===== Data for this exercise =====
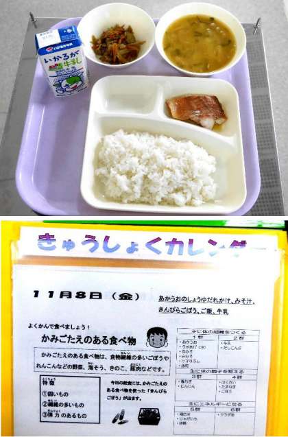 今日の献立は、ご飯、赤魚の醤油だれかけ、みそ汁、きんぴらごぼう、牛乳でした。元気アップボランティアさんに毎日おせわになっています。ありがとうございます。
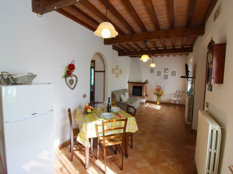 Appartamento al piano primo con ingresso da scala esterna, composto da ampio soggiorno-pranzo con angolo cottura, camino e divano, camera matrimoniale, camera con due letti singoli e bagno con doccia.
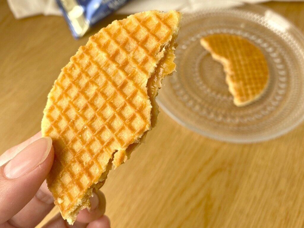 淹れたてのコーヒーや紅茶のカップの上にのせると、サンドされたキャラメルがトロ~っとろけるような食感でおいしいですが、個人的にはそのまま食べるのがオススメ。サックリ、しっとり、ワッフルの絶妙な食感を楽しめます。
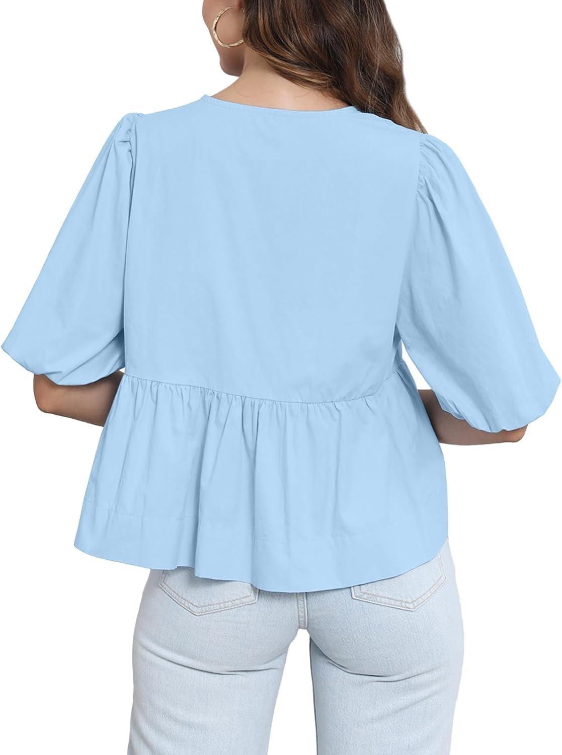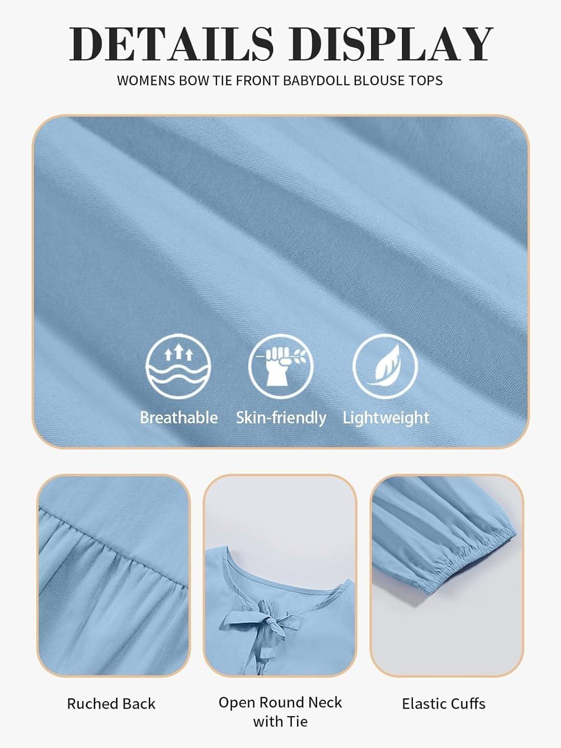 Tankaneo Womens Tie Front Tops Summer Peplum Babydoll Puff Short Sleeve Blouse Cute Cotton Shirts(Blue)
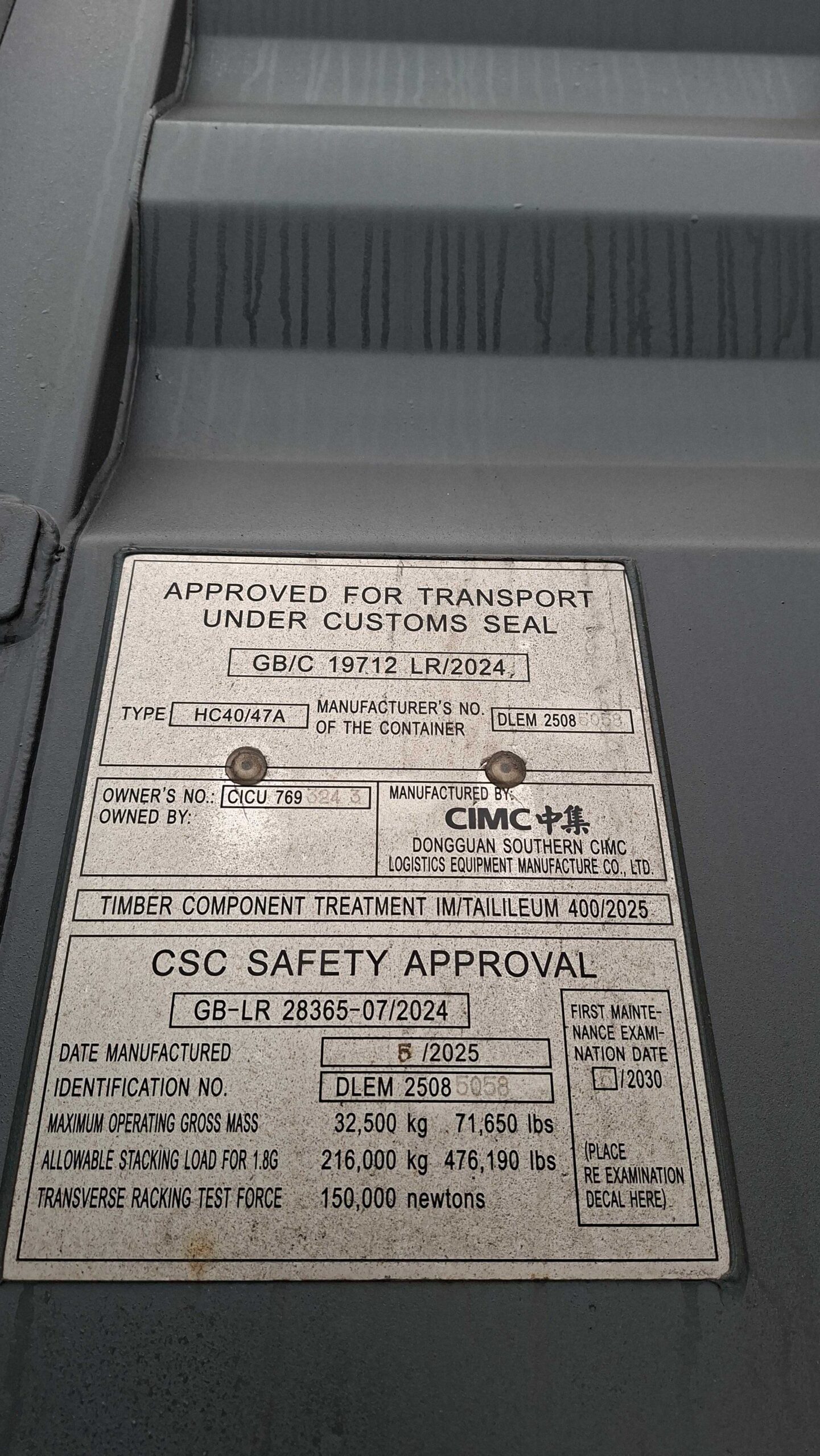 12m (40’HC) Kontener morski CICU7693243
=====
===== Data for this exercise =====
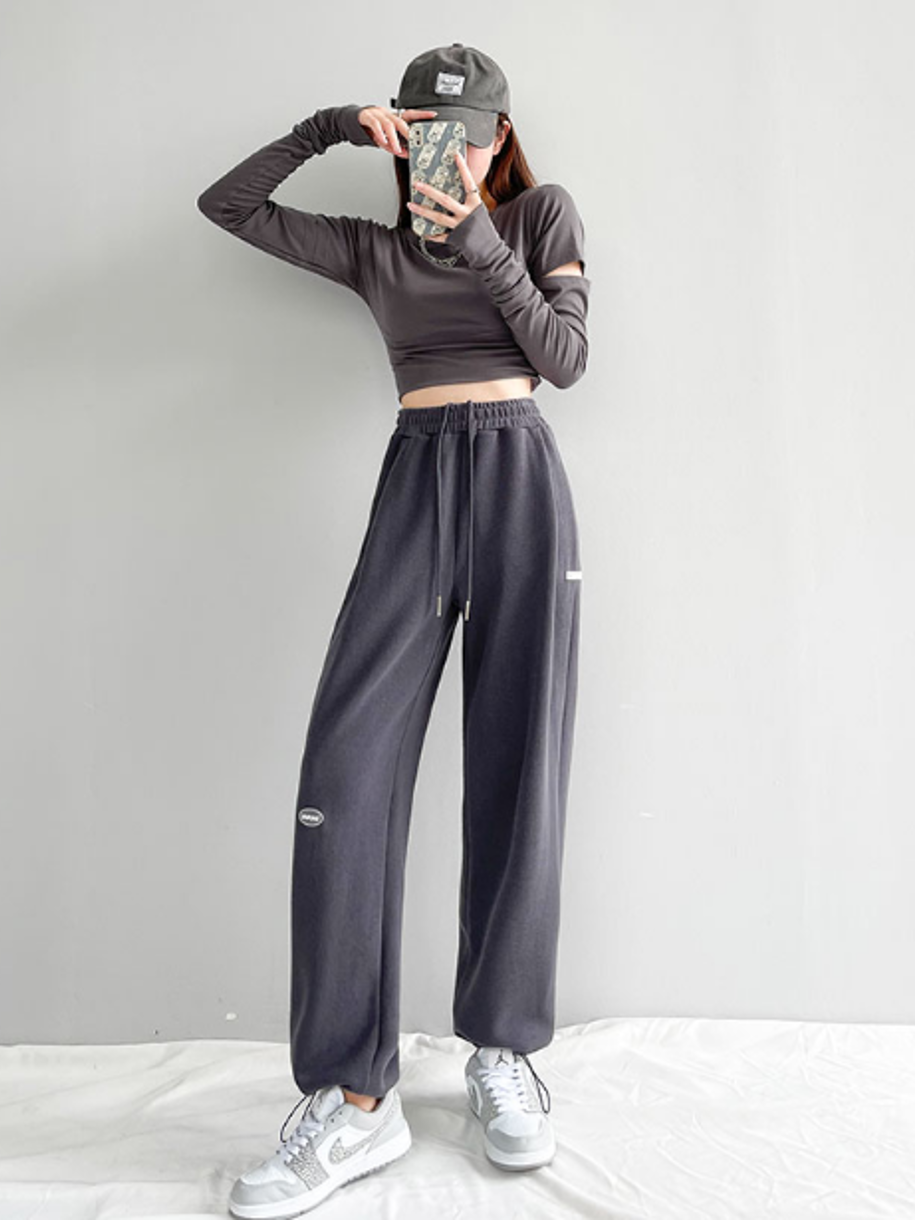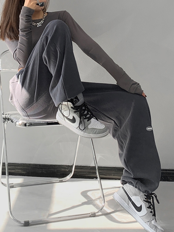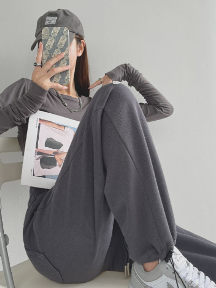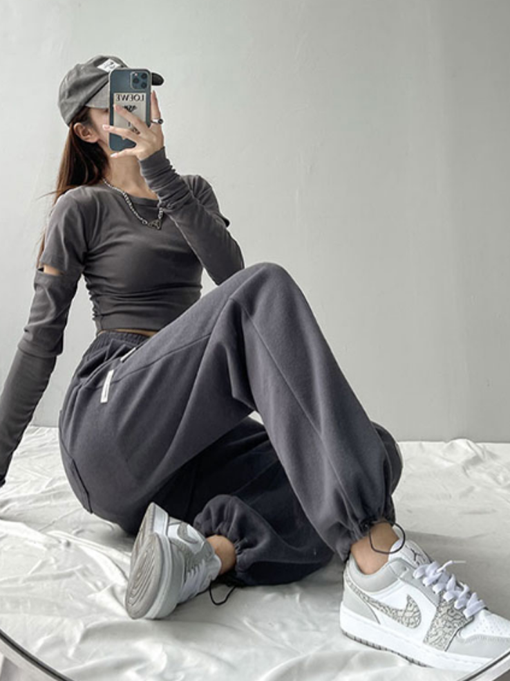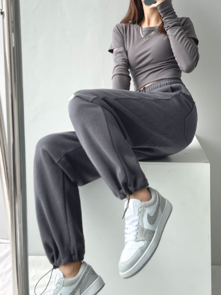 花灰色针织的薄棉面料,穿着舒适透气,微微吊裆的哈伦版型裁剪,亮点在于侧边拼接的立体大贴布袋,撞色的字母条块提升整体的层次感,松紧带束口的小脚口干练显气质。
=====
_Task goal:_ In the entries above, find the line with "Appartamento al piano" and the line with "12m (40’HC) Kontener morski CICU7693243". Return exactly those lines and all the ones between them, pictures excluded.

_Written answer:_
 Appartamento al piano primo con ingresso da scala esterna, composto da ampio soggiorno-pranzo con angolo cottura, camino e divano, camera matrimoniale, camera con due letti singoli e bagno con doccia.
 淹れたてのコーヒーや紅茶のカップの上にのせると、サンドされたキャラメルがトロ~っとろけるような食感でおいしいですが、個人的にはそのまま食べるのがオススメ。サックリ、しっとり、ワッフルの絶妙な食感を楽しめます。
 Tankaneo Womens Tie Front Tops Summer Peplum Babydoll Puff Short Sleeve Blouse Cute Cotton Shirts(Blue)
 12m (40’HC) Kontener morski CICU7693243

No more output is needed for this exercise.